During its later years, Sonny & Cher, the Beach Boys, the Everly Brothers, Diana Ross and the Supremes graced the Armory’s stage. And of course no biography of Duluth’s National Guard Armory is complete without mention of Bob Dylan’s claims to have sat in the Armory’s front row during the “Winter Dance Party” of January 1959, when he was still known as Bobby Zimmerman. In his 1998 Grammy acceptance speech, Dylan mentioned the concert and said that, “when I was sixteen or seventeen years old, I went to see Buddy Holly play at Duluth National Guard Armory and I was three feet away from him…and he looked at me. And I just have some sort of feeling that he was—I don’t know how or  why—but I know he was with us all the time we were making this record in some kind of way.” As most know, Holly, Richie Valens, and the Big Bopper died in a plane crash just three days after their Duluth appearance.

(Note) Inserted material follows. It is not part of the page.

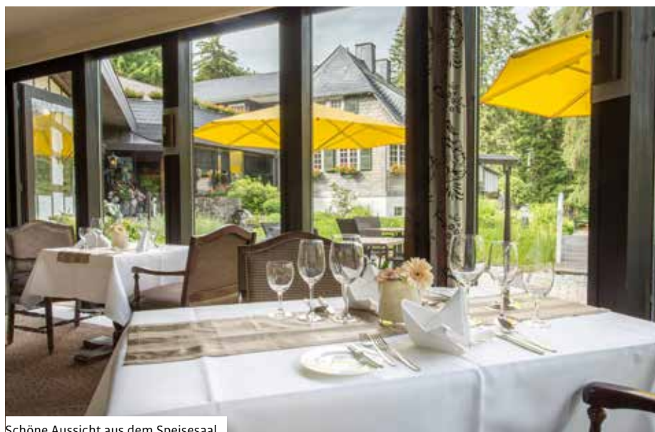
Schöne Aussicht aus dem Speisesaal

The 1915 Duluth National Guard Armory also hosted the largest funeral ever held in Duluth, that of Albert Woolsen, the last surviving Union soldier from the Civil War, who died in 1956 at age 109. Woolsen, a drummer boy who never saw action but witnessed Sherman’s march to the sea, lied about his age to enlist. His funeral was covered by Life magazine. According to the Duluth News Tribune, “Thousands mourned his passing, and his funeral was attended by high government and military officials. More than 1,500 attended last rites in the Duluth Armory, thousands lined the route of the four-mile procession to Park Hill Cemetery, and 2,000 bowed their heads at the sound of the bugle’s final “Taps.’” (Read more about Woolsen here.)

The building itself changed little over the years outside of a 154′-8″ long and 45′ wide addition in 1941 that wraps around the Drill Hall’s northwest corner, extending over 11 feet beyond the latter’s rear wall. Following World War II the Minnesota Naval Militia was disbanded. When the Duluth Entertainment and Convention Center was built in the 1960s, the Armory began to fall out of favor as a performance space. In 1977 the National Guard announced plans for a new armory in Duluth.

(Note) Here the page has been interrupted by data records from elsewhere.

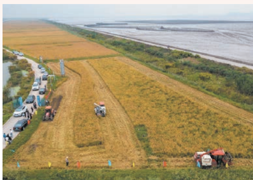
10月8日，在全国第六个海水稻种植基地——瑞安市丁山二期一号农业地块，1500亩成方连片籼稻品种的“海水稻”迎来丰收
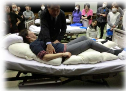
隙間を埋めてもらうと緩むわ～
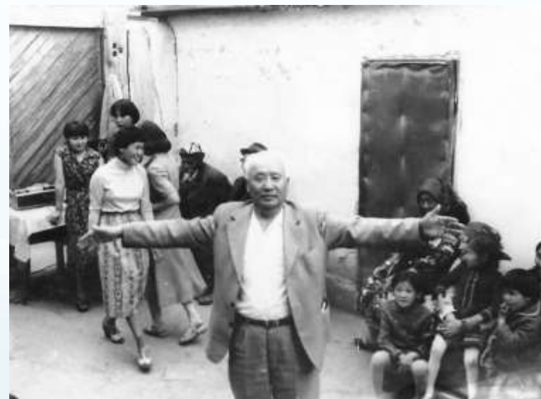
Июль, 1982 г.
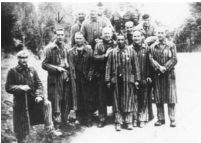
Photo d'un groupe de déportés prise dans la région de Donauschingen, après la libération d'Allach (commando de Dachau)

La résistance est sans cesse menacée et remise en cause par les arrestations : ainsi en février 1944 dans la région de Besançon.
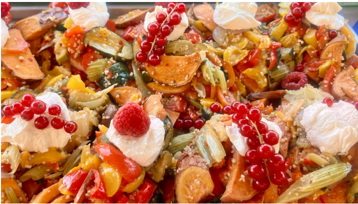
Fischkutter Flipper
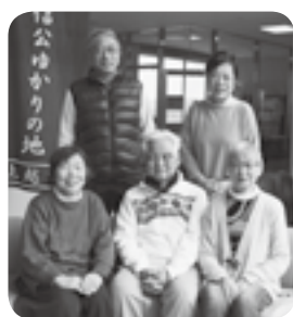
うの花句会のみなさん
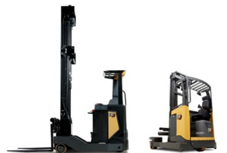
Carrelli retrattili multi-direzionali / Carrelli Retrattili Quadri-Direzionali: portate 2.0 & 2.5 t
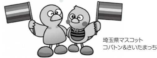
埼玉県マスコット コバトン&さいたまっちゃん

LGBTQとは、性的マイノリティを表す総称のひとつです。人の性のあり方は様々です。

The city purchased the 1914 building in 1978 for $160,000 and used it for a variety of purposes, including storing fleet vehicles. A report showed that “city officials actually poured raw materials onto the [Drill Hall’s] open floor.” The historic wooden floor had to be removed. In 2000, citing severe structural problems, the city said it would demolish the building by September 1, 2001. According to its national register nomination form, that’s when preservationists stepped in:

In response, local preservationists rallied to save the building, but they faced major challenges. The building had fallen into disrepair after years of vacancy, and its proximity to the lake and visible location along a busy thoroughfare made the site a prime location for new development. Inclusion on Preservation Alliance of Minnesota’s ‘Ten Most Endangered Buildings’ list in 2001, however, helped the preservationists gain momentum. On May 24, 2004, the property was purchased by the Armory Arts and Music Center.

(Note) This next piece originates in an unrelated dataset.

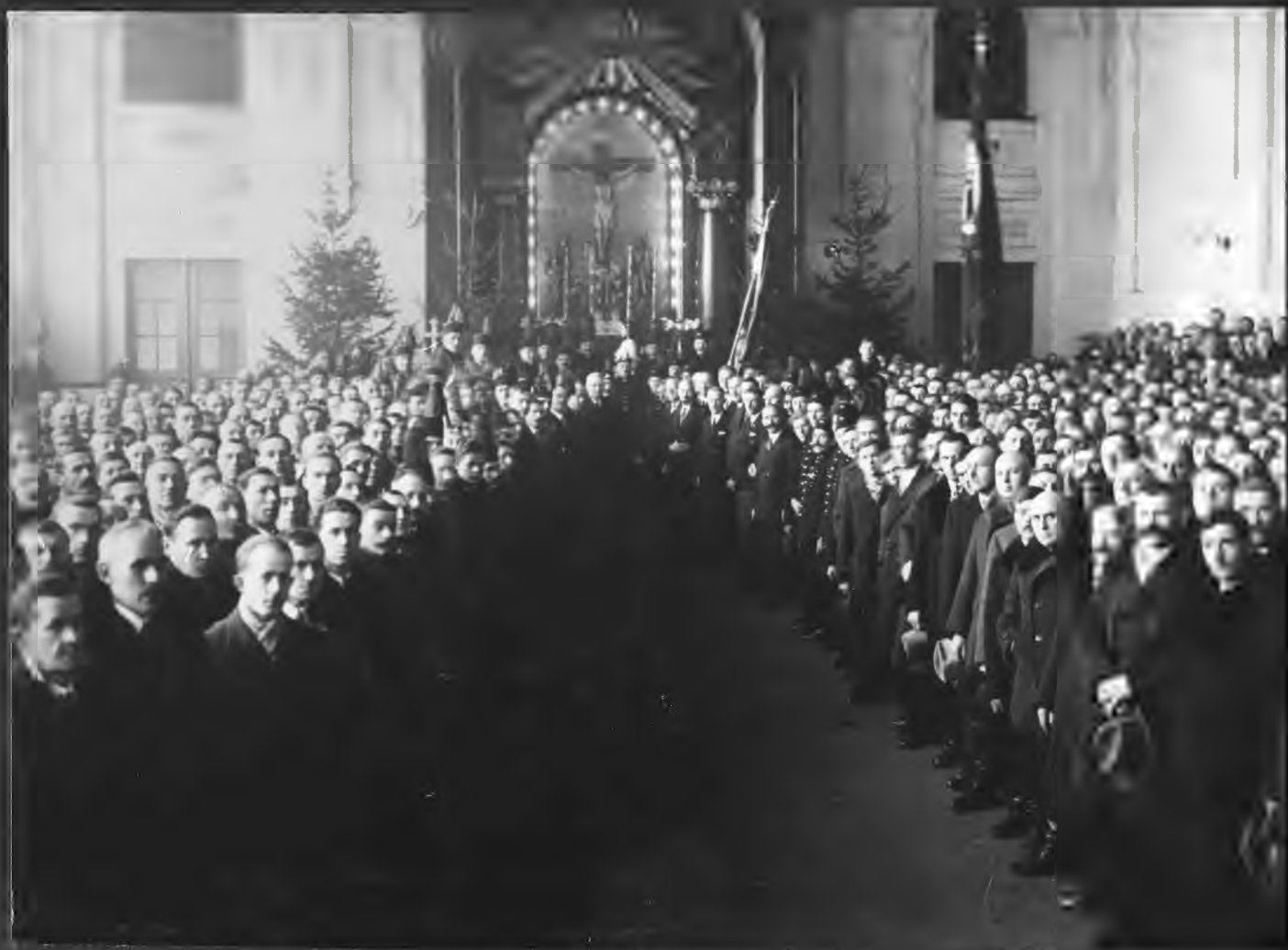
Hala Zborna kopalni "Saturn" - 4. XII. 1930 r.

The AAMC, which intends to turn at least part of the Armory into performance space and an arts center, paid just $1 for the building and has since struggled to raise funds to preserve and adapt the building for modern reuse. Efforts were hampered by a lack of focus as to what to do with the building and more structural issues: falling bricks and, as previously mentioned, Chester Creek breaking through its culvert during the 2012 flood. A recent donation of $1 million has made its future more promising.